Bukit Permai (N50)

State constituency
- Legislature: Johor State Legislative Assembly
- MLA: Mohd Jafni Md Shukor BN
- Constituency created: 1994
- First contested: 1995
- Last contested: 2026

Demographics
- Population (2020): 77,377
- Electors (2026): 44,819
- Area (km²): 286

= Bukit Permai =

Political subdivision in Malaysia

Bukit Permai is a state constituency in Johor, Malaysia, that has been represented in the Johor State Legislative Assembly.
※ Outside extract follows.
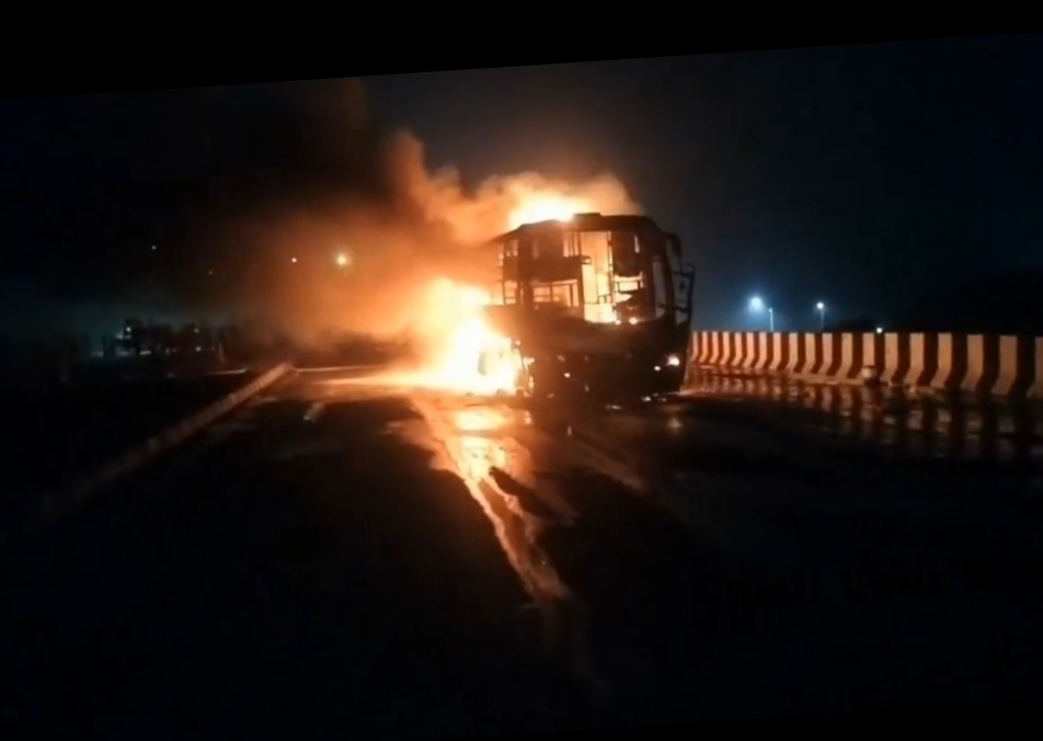 భారత్ న్యూస్ విశాఖపట్నం..మరోసారి హైవే పై ప్రైవేట్ బస్సుకు ఘోర అగ్ని ప్రమాదం.. తప్పిన పెనుప్రమాదం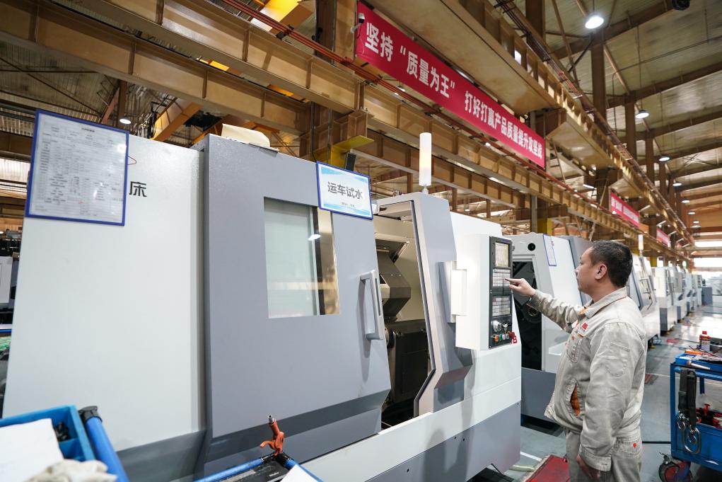通用技術(shù)集團(tuán)沈陽機(jī)床的工人在車間工作。新華社記者潘昱龍 攝

The state constituency was first contested in 1995 and is mandated to return a single Assemblyman to the Johor State Legislative Assembly under the first-past-the-post voting system.

== Demographics ==
As of 2020, Bukit Permai has a population of 77,377 people.

== History ==
===Polling districts===
According to the gazette issued on 2 July 2026, the Bukit Permai constituency has a total of 12 polling districts.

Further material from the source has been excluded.